Another pillar of the old peace movement in West Germany, the Protestant Church, on the other hand, has remained largely faithful to its old reflexes. Theologian Kässmann reports that she is currently experiencing a “great, deep fear of war” within the congregations. “Many can’t sleep.” The theologian criticizes the fact that, for many, the debate is mainly about weapons. “The only thing that matters for me is: How do we get to a ceasefire as quickly as possible? And is reaching that goal only possible through more violence?”
Together with the German Peace Society – United War Resisters (DFG-VK) and more than 15 other peace groups, Kässmann called for demonstrations in more than 20 cities over the weekend. The gatherings under the banner of “Stop the Killing in Ukraine – In Support of a Cease-Fire and Negotiations” read like a “Who’s Who” of the peace movement. But it is questionable whether the peace veterans will be able to build on old successes.
Those protests were directed at the planned stationing of American medium-range missiles in Europe. Critics feared such missiles would make a nuclear war in Europe more likely. A 300,000-participant demonstration in Bonn, West Germany, in October 1981 turned into a major social event, with international celebrity Harry Belafonte attending as well as Coretta Scott King, the widow of civil rights activist Martin Luther King. Others present included politicians with the center-left Social Democratic Party (SPD) like Erhard Eppler and Oskar Lafontaine, who opposed then-Chancellor Helmut Schimidt, also of the SPD, who supported the stationing of missiles in Europe.
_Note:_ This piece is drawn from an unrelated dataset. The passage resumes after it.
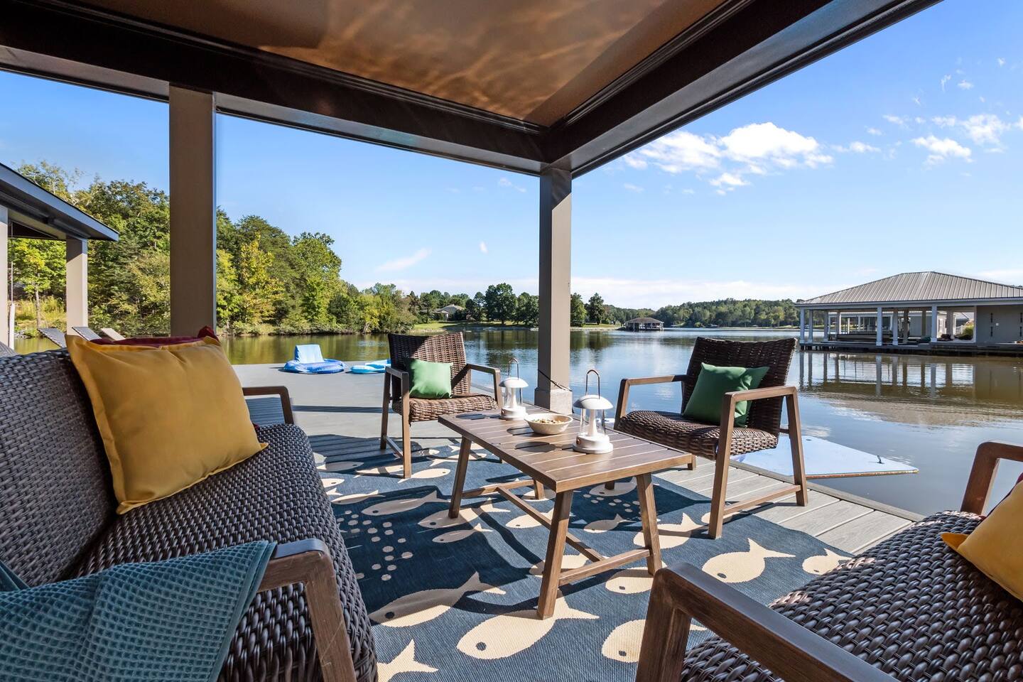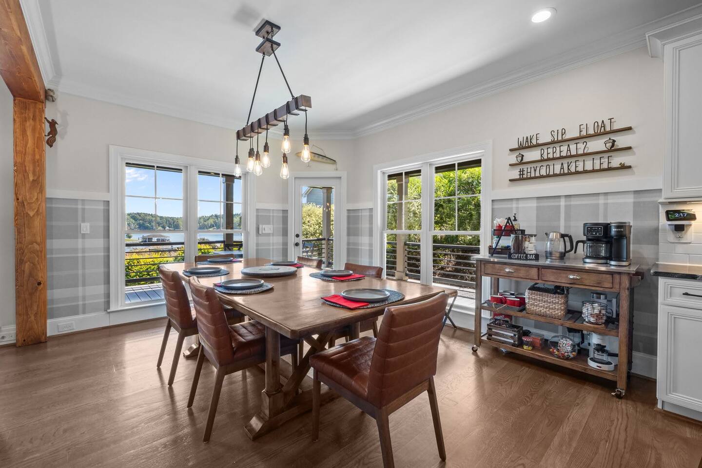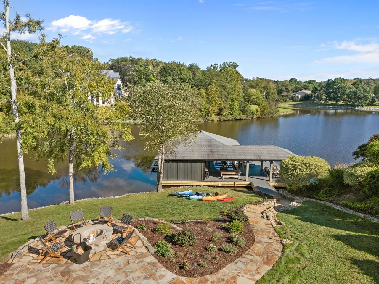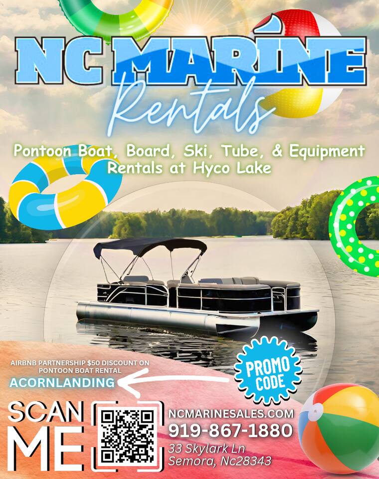 ✨✨HYCO LAKE’S MOST EXCLUSIVE RETREAT✨✨ This modern 🌊 lakefront escape has a beautiful view--nearly every room frames the water. Enjoy year-round deep water in a no-wake cove, an expansive covered private dock, kayaks & paddleboards, a lakeside 🔥 firepit, 6-seat hot tub, and a sprawling grassy yard. Inside, an open layout with a chef’s kitchen that flows into cozy living spaces with Smart TVs 📺, stylish finishes, and playful 🐿️ charm with plenty of fun & games 🎲 for entertainment. The moment you arrive, you’ll know your perfect “Lakecation” has begun. Enjoying these breathtaking lake views 🌅 is as easy as stepping out onto the expansive second-level balcony and you'll be blown away the incredible outdoor hangout spots, the firepit, the spa, rocking chairs, and the dockside water views 🌊. ✨ LIVING & DINING SPACE ✨ The open-concept main level invites connection with a comfortable family room featuring a 2-story stone fireplace, panoramic lake views, 65” smart tv with Spectrum cable tv included. The fully stocked kitchen 🍽️ is a chef's dream come true with a gas stove, gas grill, refrigerator/ice maker, all the tools and standard kitchen appliances with plenty of counter space to work their magic. The kitchen is stocked with all the cookware, cooking essentials (flour, sugar, S & P 🧂, cooking oil, among the basics), utensils, glassware and tableware needed to entertain a large group. Use the ☕ coffee bar to make the perfect cup of joe whenever the need for caffeine hits. ✨ FUN & GAMES ✨ Downstairs, the recreation room is built for entertainment, including a wet bar, built in ice machine 🧊 and 4 refrigerator drawers • 70” smart TV 📺 and large sectional couch • Shuffleboard • Poker table 🃏 • Ping pong table 🏓 • Video arcade with 600+ games 🕹️ • Board Games 🎲 and 🃏cards, mini karaoke 🎤 machine and a Bose 🎶 speaker ✨ Outdoor Living, Elevated ✨ Step outside to discover why Acorn Landing is unlike any other lake house, you'll enjoy a wraparound porch on two levels with seating in a variety of locations. • Covered and comfortable lounge seating (seats 8+) plus a dining table (seats 6) • Propane, direct plumbed grill 🥩 and 🔥fire table (no propane tanks!) • Wood-burning 🔥 fire pit at the lakefront patio • Hot tub with lake views and privacy 💦 • Outdoor games for fun and entertainment 🏸 The fun continues right out into the water! Our 1300 sq ft dock is perfect for turning up your music 🎶, floating on the water in one of our many and floating rafts--or just eating, drinking, and soaking up the sun 🌞 on our loungers on the expansive dock. We have deep water access and there is plenty of room for your own boat ⚓or optionally, take advantage of our exclusive pontoon rental partnership—boats are delivered right to our dock. Swim in deep water, sunbathe 👙, or launch one of our complimentary watercraft: • Two paddle boards 🏄♂️ • Tandem kayak • Kids’ kayak • Standard kayak 🚣 • Life vests from toddler to adult XXL 🦺 • Floating lily pad • Floating Oasis ring • Fishing poles and tackle (bait available nearby) 🎣 ✨ SLEEPING & PRIVATE SPACE✨ 🌿 Primary Suite (Main Floor) The first-floor primary suite has floor-to-ceiling windows overlooking the lake, king sized bed and an ensuite bathroom featuring a double shower. Guests also enjoy a smart TV 📺, desk/work area 💻, ceiling fan, & sound machine. Guests can use the private access door to the wrap-around porch to sneak out to the hot tub or the dock after everyone else goes to bed. A small safe is provided for valuables. 👶 We also have a pack and play and a booster seat available for our youngest guests. 🐠Fishing Bedroom (Second Floor) includes both king-size bed and twin bed, ceiling fan, sound machine, en-suite bathroom with tub/shower combo, 55” smart TV, and lake view. 🛶Boating Bedroom (Second Floor) includes both king-size bed and twin bed, ceiling fan, sound machine, en-suite bathroom with tub/shower combo, 55” smart TV, and lake view. 🛏️ Vintage Bedroom (Lower Level) Two queen-size beds, 55” smart TV, desk/work area, ceiling fan, sound machine, and lake view with private access to the outside and the dock or hot tub. A full bathroom with a walk-in shower is adjacent to the recreation room. With 3 king beds, 2 queens, 2 twin beds and 4.5 bathrooms, this home accommodates up to 12 guests-your comfort is our priority. ✨ TECH & COMFORT ✨ • Lightning fast ⚡Gigabit internet w/WiFi 7 routers throughout the home & the boathouse • Six smart 📺TVs with Spectrum cable • Dual washers and dryers • Complimentary Level 2 (50A) EV charger • Central air and heat • Ample parking • All linens are included. We also have lake/spa towels available for use, so no need to bring them! Located in a quiet, gated community in Semora, NC, Acorn Landing is: • 8 miles to Virginia International Raceway 🏁🏎️ • 22 miles from Danville, VA--including the NEW Caesar’s Casino 🎰🎲🃏 and the Danville River District 🛒 • 66 miles from Raleigh-Durham International Airport (RDU) ✈️ • 14 miles from Roxboro • 44 miles from Durham • 56 miles from Greensboro Acorn Landing is very close to NC Marine Sales located at 33 Skylark Ln, Semora, NC 27343 Hot tub: We make every effort to make sure our hot tub is up and running for your visit. It is new and well maintained. If there are maintenance issues during your stay and the hot tub is unavailable, we are unable to provide a discount or refund as this is only one of many amenities available in our home. It is our intention to have the hot tub available for our guests but this cannot be guaranteed. Fire Table 🔥 (main level balcony) and Fire Pit (back lakefront lawn/patio) are both available for your enjoyment. The fire table is a beautiful addition to our comfortable lounge furniture on the covered

The current chancellor is less suitable as an opponent and bogeyman of the movement. In contrast to his role model Helmut Schmidt, he is more indifferent. But neither is Scholz a beacon of hope for the peace movement. Gradually, his government opened up to the delivery of increasingly heavy equipment. Helmets were followed by rocket-propelled grenades, then howitzers, the Gepard anti-aircraft vehicle, rocket launchers and, finally, the promise of infantry fighting vehicles and main battle tanks .
Scholz also has a clear message for the drafters of the “Manifesto.” “I don’t share the convictions of this appeal,” the chancellor told the German political talk show host Maybrit Illner on Thursday. But he also promised the Germans: “What I am really committed to is doing the right thing at this time. I am committed to not being rushed, to avoiding misguide, hasty decisions, to refraining from things that everyone regrets afterwards. Rather, I am committed to making sure our country gets through this difficult time.”
Scholz likes to say that there’s no script for this war. One can only hope that the chancellor doesn’t lose his direction in the heated atmosphere between all the petitions and demonstrations.